Step1: Identify Parent Function

The parent function for \( y=(x + 3)^2+4 \) is \( y = x^2 \), which is a parabola with vertex at \((0,0)\), opening upwards.

Step2: Analyze Horizontal Shift

For the function \( y=(x - h)^2+k \), the horizontal shift is \( h \) units. Here, \( y=(x+3)^2 + 4=(x-(-3))^2+4 \), so there is a horizontal shift of 3 units to the left (since \( h=-3 \)).

Step3: Analyze Vertical Shift

The vertical shift is \( k \) units. Here, \( k = 4 \), so there is a vertical shift of 4 units up.
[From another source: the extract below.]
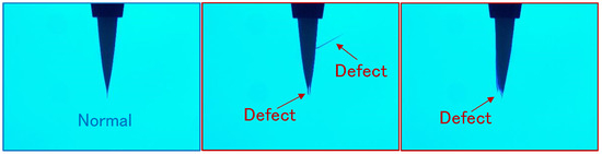 In this section, an advanced HCLS data statement coded as CNN_DEFECT is introduced to call a CNN model for defect detection of an industrial product. One of promising applications by industrial manipulators is for a robotic peg-in-hole task while checking undesirable defects. Figure 7 shows typical defects seen in the actual production line of this product. These types of defects tend to appear around the tip during the manufacturing process. Due to the statement of CNN_DEFECT, it is expected that undesirable defects around the tips of workpieces can be detected and sorted by the robots.
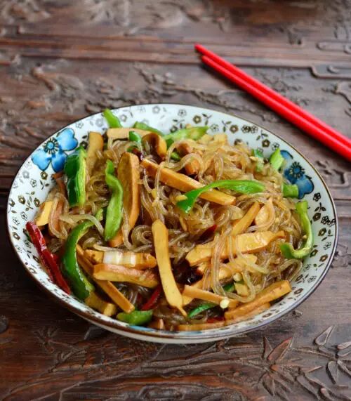 2、炒锅加油烧热,下红椒丝和香干翻炒,加入少许盐、生抽调味,如果太干可加入少许水;

Step4: Determine New Vertex

The vertex of the parent function \( y=x^2 \) is \((0,0)\). After shifting 3 units left and 4 units up, the new vertex is \((-3,4)\).

Step5: Graph Transformation

Take the graph of \( y = x^2 \), move each point 3 units to the left and 4 units up. For example, the point \((0,0)\) on \( y = x^2 \) moves to \((-3,4)\), the point \((1,1)\) moves to \((-2,5)\), the point \((-1,1)\) moves to \((-4,5)\), etc. The parabola will have the same shape (since there is no vertical stretch or compression, \( a = 1 \)) and will open upwards, with vertex at \((-3,4)\).

Answer:

To graph \( y=(x + 3)^2+4 \), start with the parent function \( y = x^2 \) (a parabola opening up with vertex at \((0,0)\)). Shift the graph 3 units to the left (horizontal shift: \( x\to x + 3 \)) and 4 units up (vertical shift: \( y\to y+4 \)). The resulting parabola has a vertex at \((-3,4)\), opens upwards, and has the same width as \( y = x^2 \).